At the outbreak of the war, The Mississippi River was the main economic highway from the heartland of the United States, allowing transport of crops and cargo of all kinds to the port of New Orleans. The Vicksburg and Meridian Railroad, finished in 1846, was the only East-West Railroad between New Orleans and Memphis, and would be vital in supplying munitions to the Trans-Mississippi Confederacy and moving cattle and hogs to the Eastern Confederacy.
Jefferson Davis, the only president of the Confederate States of America owned a plantation a few miles South of town. On February 9, 1861, after Mississippi and six other states had seceded from the Union, the provisional Confederate Congress met in Montgomery, Alabama and elected Jefferson Davis as President of the CSA. Two days later, in Vicksburg, President Davis gave his first address as the President of the Confederate States of America.

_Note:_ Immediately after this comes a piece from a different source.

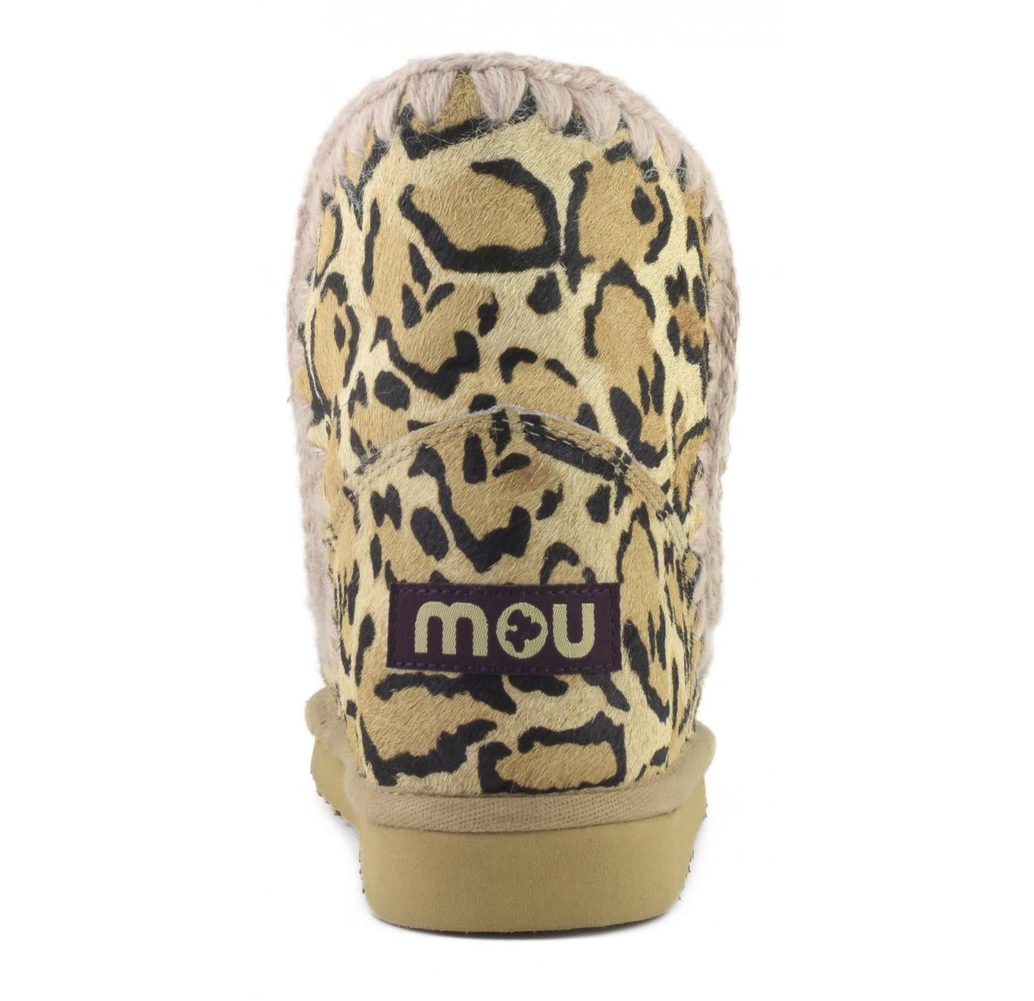 Say hello to the perfect, most versatile boot. The ankle height makes this style easily transition from day to night. Wear them with your favorite skinny jeans and tee for a more laid back look, or pair them with your favorite mini dress and jacket for a night out on the town. Embrace bold style with the Women's Eskimo 18 Boots by Mou, featuring a luxe ponyskin upper in a striking big leopard sand print. Handcrafted artisanal details like signature hand-crochet wool stitching set these boots apart, offering both comfort and durability. The genuine sheepskin lining ensures warmth, while the lightweight EVA and rubber outsole provides lasting support. With a flat heel and round toe, these 18cm height boots are perfect for a statement-making entrance at spring dinner parties.

Vicksburg has a strong connection with the SCV founder, Lt. Gen. Stephen D. Lee, who in later years, worked tirelessly to establish the Vicksburg National Military Park. Stephen Dill Lee was an American soldier, and the youngest Confederate lieutenant general of the American Civil War. He was the first president of the Mississippi Agricultural and Mechanical College (Mississippi State University)and served from 1880 until 1899. General Lee died in Vicksburg on May 28, 1908, becoming ill after giving a speech to former union soldiers from Wisconsin and Iowa. He is memorialized by a statue in the Vicksburg Military Park.
 
Located high on the bluffs overlooking the
Mississippi River, the Confederate earthworks
formed a crescent-shaped ring of manned gun
emplacements aimed at all potential Union
avenues of approach to the city by land and by
river. The earthworks were initiated in September
1862, and remained untested until the spring of
1863, when, pushing southward from Illinois by
land and northward from the Gulf of Mexico by
river, the Union army and naval units attacked the
Confederate strong-points from both ends of the
line. They captured post by post and city by city
until. . . . Vicksburg alone barred complete Union
possession of the Mississippi River. Then began
the Union campaign for Vicksburg. Waged
between March 29 and July 4, 1863, the campaign
included battles in west-central Mississippi at Port
Gibson, Raymond, Jackson, Champion Hill, and
Big Black River Bridge, as well as forty-seven days
of Union siege operations against the Confederate
forces defending the city of Vicksburg before
victory was achieved. The surrender of
Vicksburg on July 4, 1863, effectively left the
Confederacy split in two and vulnerable to Union
attack in the Western Theatre. This decisive
campaign, coupled with the fall of Port Hudson,
Louisiana, five days later, divided the South and
gave the North undisputed control of the river.